Massachusetts

Junior ROTC Members Save Residents From Worcester Apartment Fire

The high schoolers went door to door to save the people inside. "We're in the ROTC program, and the values that we are taught, that they instill into us, we use those to act upon situations like this," Raesean Goodney said

A fire at a Worcester, Massachusetts, apartment left 13 people spending the Thanksgiving holiday at a hotel, but it could have been much worse if it wasn’t for a group of high schoolers on their way home.

Four junior ROTC members were driving from their high school when they saw smoke at a Hamilton Street apartment building.

The humble high schoolers credit their training with what they did next.

"We're in the ROTC program, and the values that we are taught, that they instill into us, we use those to act upon situations like this," Raesean Goodney said.

The group ran into the burning apartment building, going door to door to save the people inside.

"When we looked back, no one was out ... I didn't see no people, or nothing," Abderrahman Sebbai said. "It was just like, we need to go, like we have to go in there fast."

"I started kicking down the second door, and when I finally kicked it down, the resident finally came to the door and then I led him downstairs," Jordan Parker said.

Flames were focused to the back of the third floor, where, one room away, a woman was asleep with her three children.

"When she woke up, cause we were like shaking the bed, we were yelling at them to get up, get up, get up.

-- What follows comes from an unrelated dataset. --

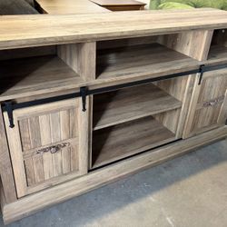 Farmhouse LED TV Stand for 75 Inch TV, 32" Tall Entertainment Center with Sliding Barn Doors and Storage Cabinets, Rustic Media Console with Adjustabl$135El Monte, CA

She woke up and she was like really confused, she was shocked, she didn't know what was going on," Goodney said.

The group of friends says they called 911 when they first saw the flames. The fire department was there minutes later, but by that time, everyone was already outside.

All 13 people who live there, including the mother of three, made it out alive.

Emanuela Abbascia met with NBC10 Boston in a hotel conference room because she can't go back home with her three sons.

"Losing everything you've worked for has been heartbreaking," she said. "My son's room, I worked so hard to pay for this."

Everything is gone, but Abbascia says she has gained hope with neighbors and strangers donating all they can.

"Instead of being sad and making, you know rolling in pity, in the video you'll see that I kept on saying, 'God I still thank you' cause it could have ended up differently," she said.

Abbascia and her sons are moving out of the hotel on Monday as they start their search for a new home.